[DATASET CONTENT]

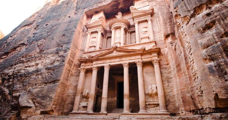 أجمل مباني البتراء المنحوتة في الصخر هو مبنى الخزنة. وهو منظر لا يشابهه آخر في الدنيا بجماليته وهيبته.
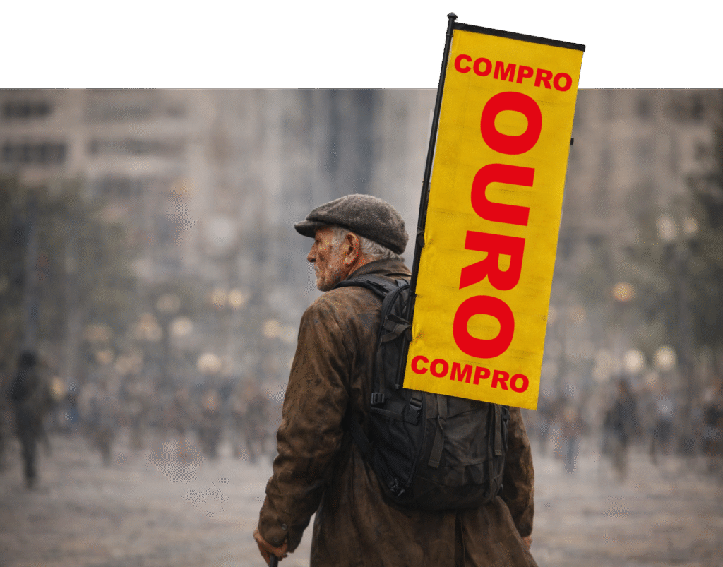 COMPRO OURO! QUEM SE LEMBRA DOS VELHINHOS, GENTE HUMILDE que precisava de algum meio de vida e que ostentavam placas com esses dizeres? Eles eram placas ambulantes, muito longe de poderem ostentar qualquer outra coisa em vida.
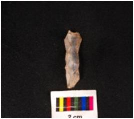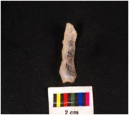 | Description / विवरण | A chalcedony blade with a weavy mid-ridge on dorsal side, diffused bulb on ventral side and use-wear marks along the cutting edges. |
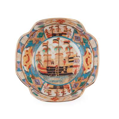 清 乾隆款 伊萬里燒黑船紋花口碗

[EXERCISE] Reproduce the full material exactly, excluding the pictures.

[WRITTEN RESPONSE]
 أجمل مباني البتراء المنحوتة في الصخر هو مبنى الخزنة. وهو منظر لا يشابهه آخر في الدنيا بجماليته وهيبته.
 COMPRO OURO! QUEM SE LEMBRA DOS VELHINHOS, GENTE HUMILDE que precisava de algum meio de vida e que ostentavam placas com esses dizeres? Eles eram placas ambulantes, muito longe de poderem ostentar qualquer outra coisa em vida.
 | Description / विवरण | A chalcedony blade with a weavy mid-ridge on dorsal side, diffused bulb on ventral side and use-wear marks along the cutting edges. |
 清 乾隆款 伊萬里燒黑船紋花口碗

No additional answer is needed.